L’ancien dictateur péruvien, en fuite depuis l’an 2000, a ensuite passé six mois sous les verrous, puis a été mis en liberté conditionnelle. Depuis quinze mois, il vivait dans une prison dorée près de Santiago, attendant que la Cour suprême chilienne décide ou non de l’extrader. Et préparant son retour en politique au Pérou. Confiant. Même après avoir appris la décision de la Cour suprême.

Très confiant même: vendredi soir, juste avant de monter dans l’hélicoptère qui venait le chercher pour l’emmener au Pérou, Fujimori a même donné une interview à la télévision chilienne. "Le Chili n’était qu’une étape pour préparer mon retour au pays. Les événements vont un peu plus vite que prévu, mais je suis un président qui affronte les problèmes", affirme-t-il, le sourire froid. "Le but de mon passage au Chili était de faire réduire le nombre de charges contre moi." Et c’est réussi: après vingt mois de procédures, cinq des douze chefs d’accusation, soit 27 de la quarantaine de délits, ont été retirés. Et la Cour suprême chilienne a fini par voter l’extradition de Fujimori.

"El Chino", comme le surnomment les Péruviens à cause de ses origines japonaises, ne sait que trop bien qu’en prenant cette attitude confiante, il montre à ses futurs juges qu’il n’entend pas se laisser ébranler. "Je m’en vais la conscience tranquille", conclut-il, espérant pouvoir se présenter aux prochaines élections présidentielles. C’est un livre à la main que Fujimori est monté dans l’hélico qui l’emmenait au Pérou. Le titre? "Fujimori revient".

fujimori.jpg

Cette extradition est une bonne affaire pour le gouvernement chilien. Depuis longtemps en froid avec le Pérou pour une vieille histoire de frontière dont j’ai déjà parlé, le Chili peut ainsi espérer améliorer les relations démocratiques entre les deux pays. D’autant plus que le gouvernement de Michelle Bachelet a lancé un programme pour venir en aide aux victimes du séisme du 16 août dernier au sud du Pérou.

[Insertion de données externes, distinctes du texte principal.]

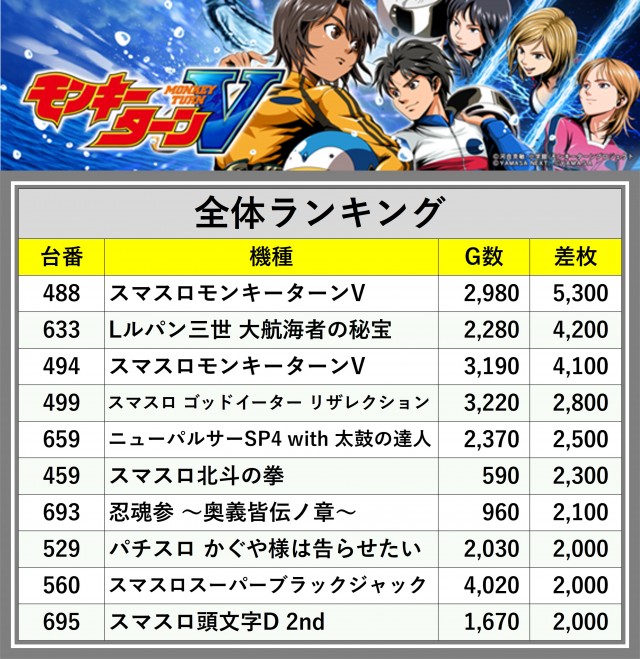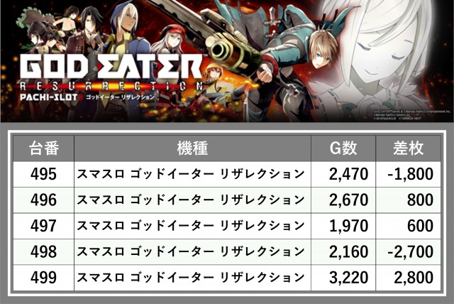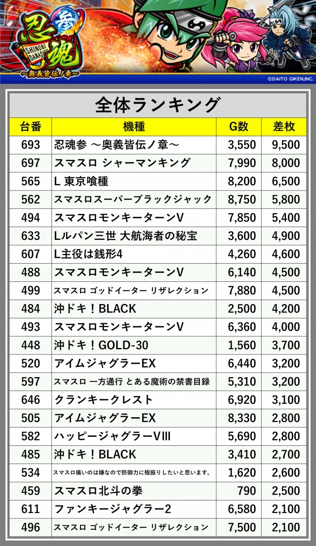 厳選された取材対象機種をはじめ、その他スロット全体から好記録が飛び出した!プレイヤーが楽しんだ1日を下記データにて振り返ってみて欲しい。
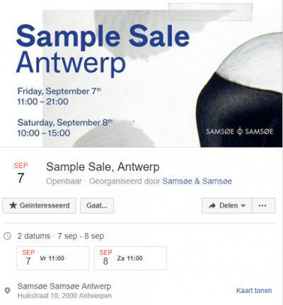 Is er in jouw garderobe nog plaats voor enkele minimalistische designs? Dan moet je dit weekend in Antwerpen zijn. Samsøe & Samsøe organiseert vrijdag en zaterdag opnieuw een sample sale. In hun showroom kan je vrijdag 7 september van 11u tot 21u kleding en accessoires voor vrouwen en mannen scoren. Is het te laat voor jou om een dagje verlof te nemen? Maak je dan maar geen zorgen, want ook op zaterdag 8 september van 11u tot 15u kan je er nog aan aangepaste sampleprijzen shoppen.

La presidenta, justement, est en ce moment à New York pour le sommet de l’ONU sur le réchauffement climatique. Et elle a emmené dans ses bagages les chefs des principaux partis chiliens, opposition inclus. But du jeu: montrer que le Chili est un pays uni, afin de donner une image positive de la démocratie chilienne. Le pays brigue en effet un siège à la commission des droits de l’Homme de l’ONU. Et l’extradition de Fujimori tombe à pic pour jouer en faveur du Chili. Etrange coïncidence, non?